* Task directions
From the listing below, output the lines between the one with "山西省运城市教育发展联盟2023-2024学年高二上学期10月月考语文" and the one with "LOOKS TO BE", including those two, and nothing else. Pictures are not copied.

• • • •

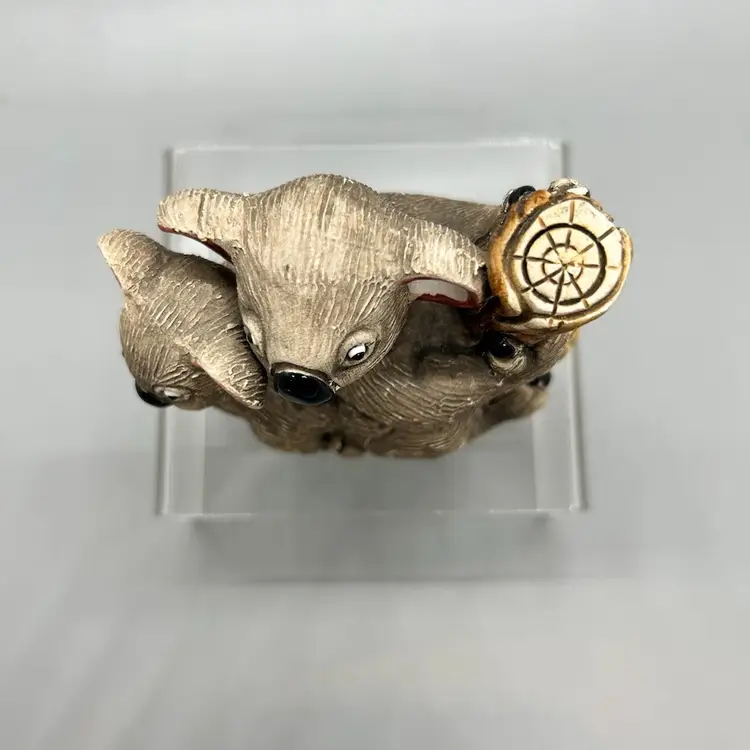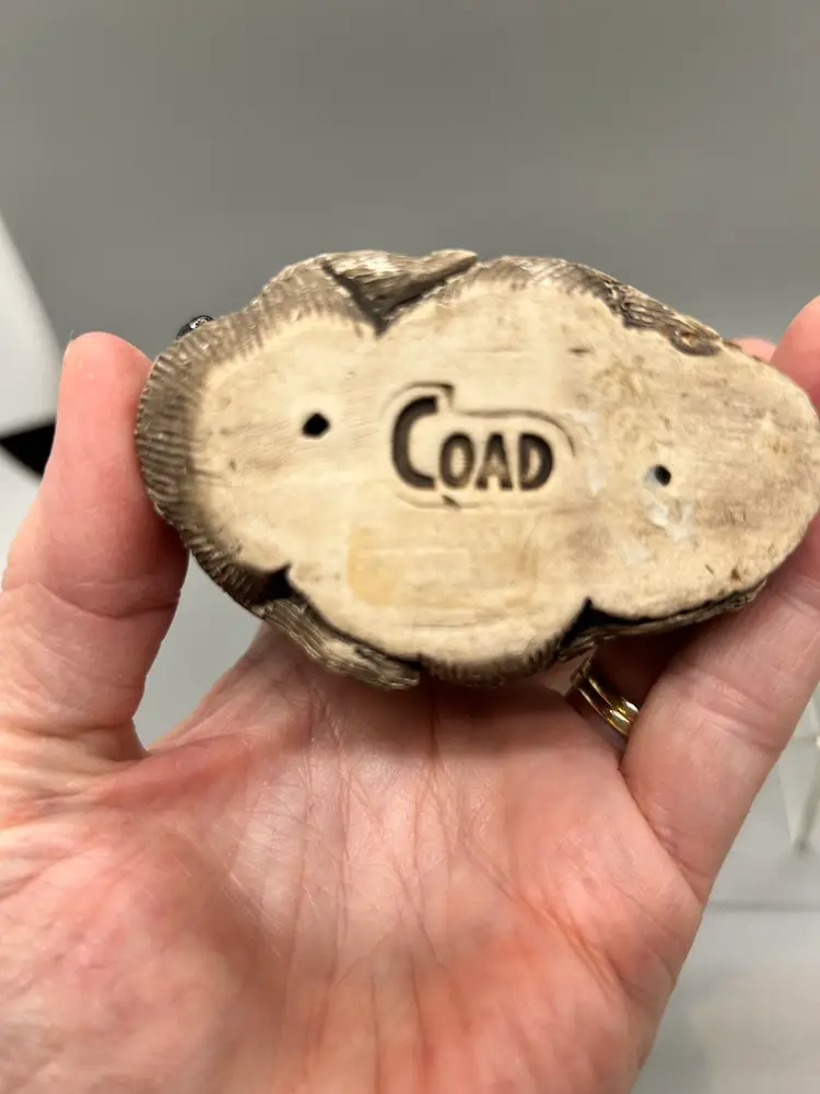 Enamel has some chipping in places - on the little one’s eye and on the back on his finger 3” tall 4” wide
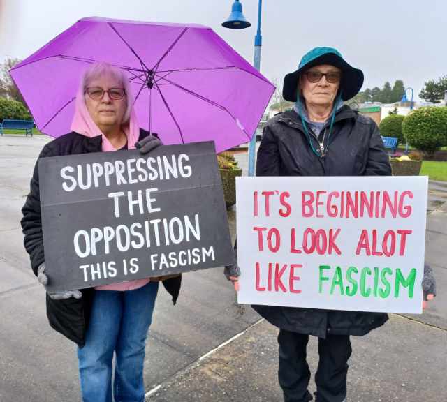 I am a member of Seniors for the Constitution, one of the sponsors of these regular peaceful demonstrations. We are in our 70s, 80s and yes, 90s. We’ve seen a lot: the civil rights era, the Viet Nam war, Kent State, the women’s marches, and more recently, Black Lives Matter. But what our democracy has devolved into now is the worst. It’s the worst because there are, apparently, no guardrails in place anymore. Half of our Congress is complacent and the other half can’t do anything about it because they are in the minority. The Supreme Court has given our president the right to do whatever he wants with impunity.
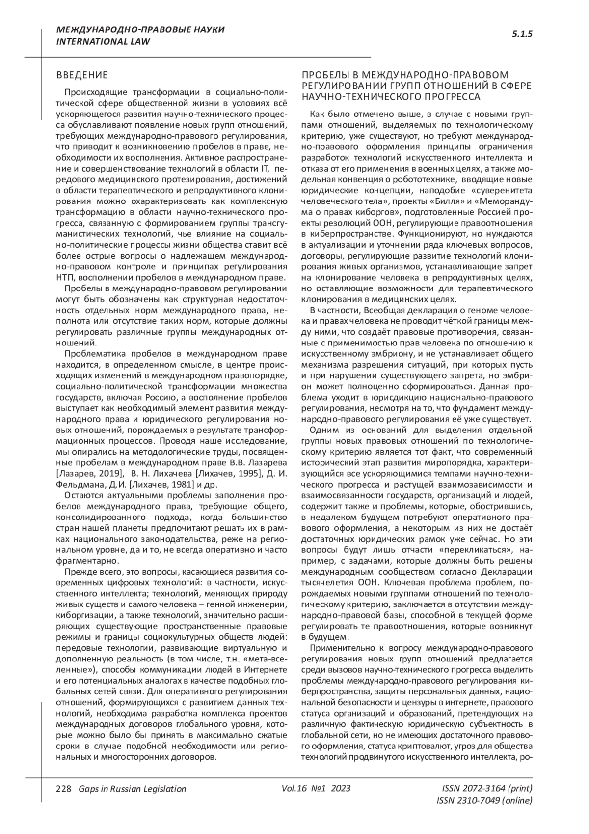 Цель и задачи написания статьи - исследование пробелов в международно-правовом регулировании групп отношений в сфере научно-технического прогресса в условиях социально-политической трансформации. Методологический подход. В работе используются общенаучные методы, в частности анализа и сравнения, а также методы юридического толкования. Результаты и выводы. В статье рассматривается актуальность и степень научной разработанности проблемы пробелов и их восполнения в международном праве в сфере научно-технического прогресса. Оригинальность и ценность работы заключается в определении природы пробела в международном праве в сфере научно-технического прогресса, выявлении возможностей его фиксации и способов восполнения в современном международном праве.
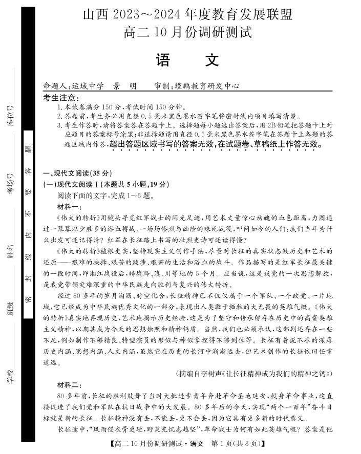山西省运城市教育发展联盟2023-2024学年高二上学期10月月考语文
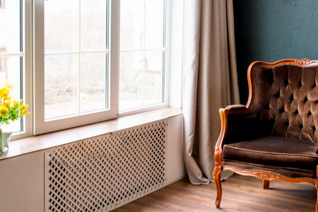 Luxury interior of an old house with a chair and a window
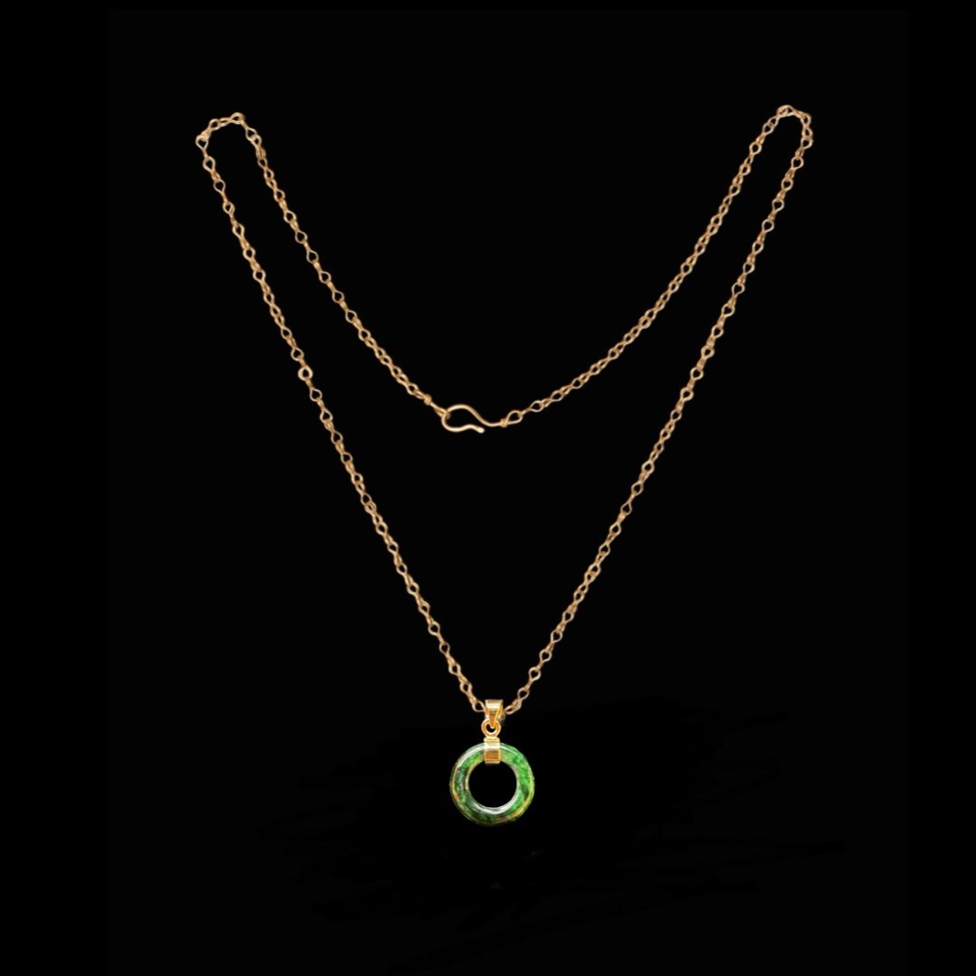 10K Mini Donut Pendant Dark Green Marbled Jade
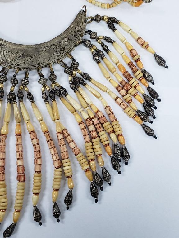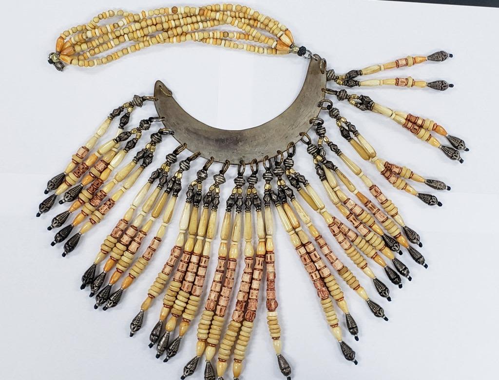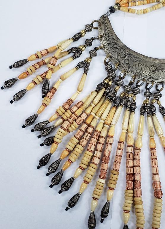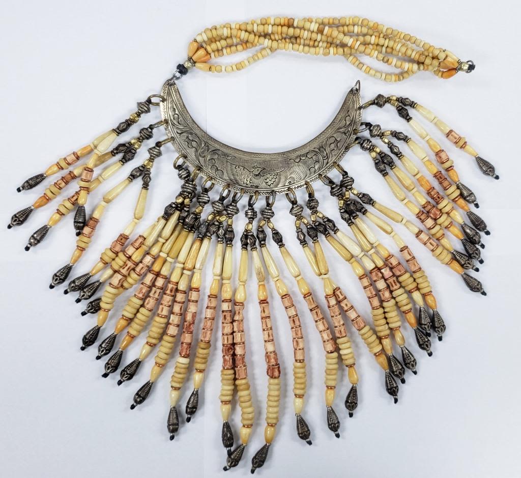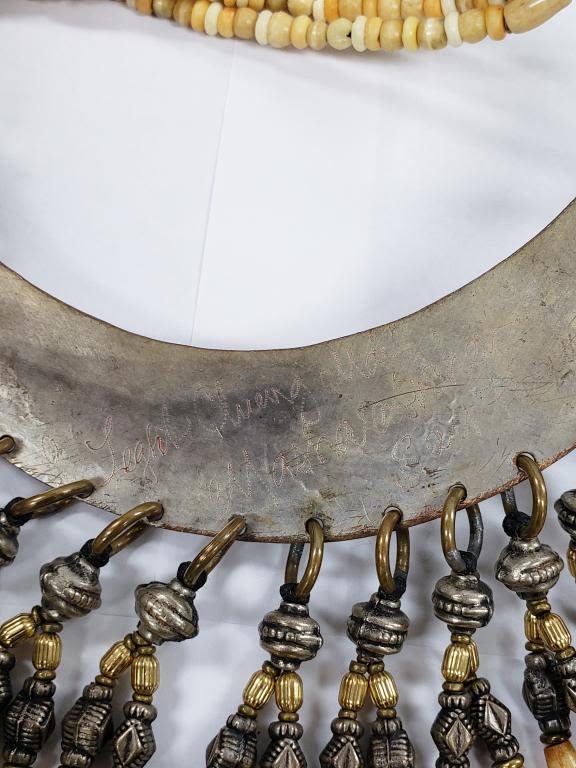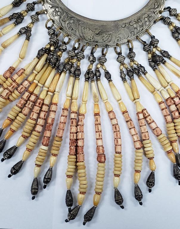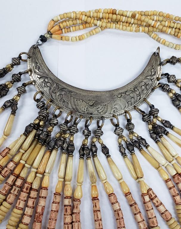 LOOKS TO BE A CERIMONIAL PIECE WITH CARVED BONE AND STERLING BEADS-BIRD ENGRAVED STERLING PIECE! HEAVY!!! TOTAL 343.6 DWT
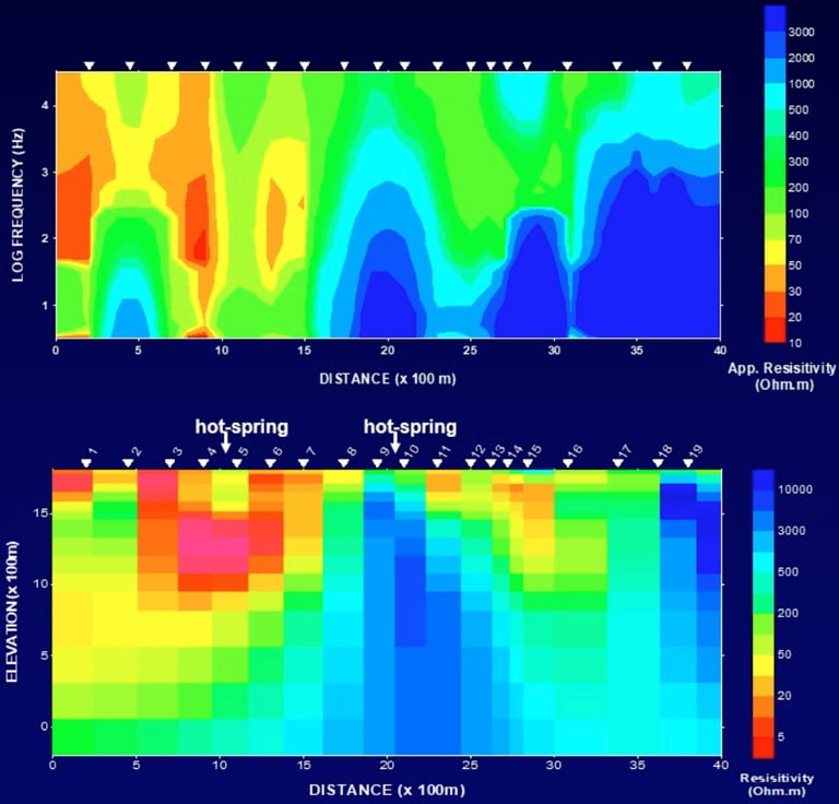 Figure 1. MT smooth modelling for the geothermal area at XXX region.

• • • •

* Problem solution
山西省运城市教育发展联盟2023-2024学年高二上学期10月月考语文
 Luxury interior of an old house with a chair and a window
 10K Mini Donut Pendant Dark Green Marbled Jade
 LOOKS TO BE A CERIMONIAL PIECE WITH CARVED BONE AND STERLING BEADS-BIRD ENGRAVED STERLING PIECE! HEAVY!!! TOTAL 343.6 DWT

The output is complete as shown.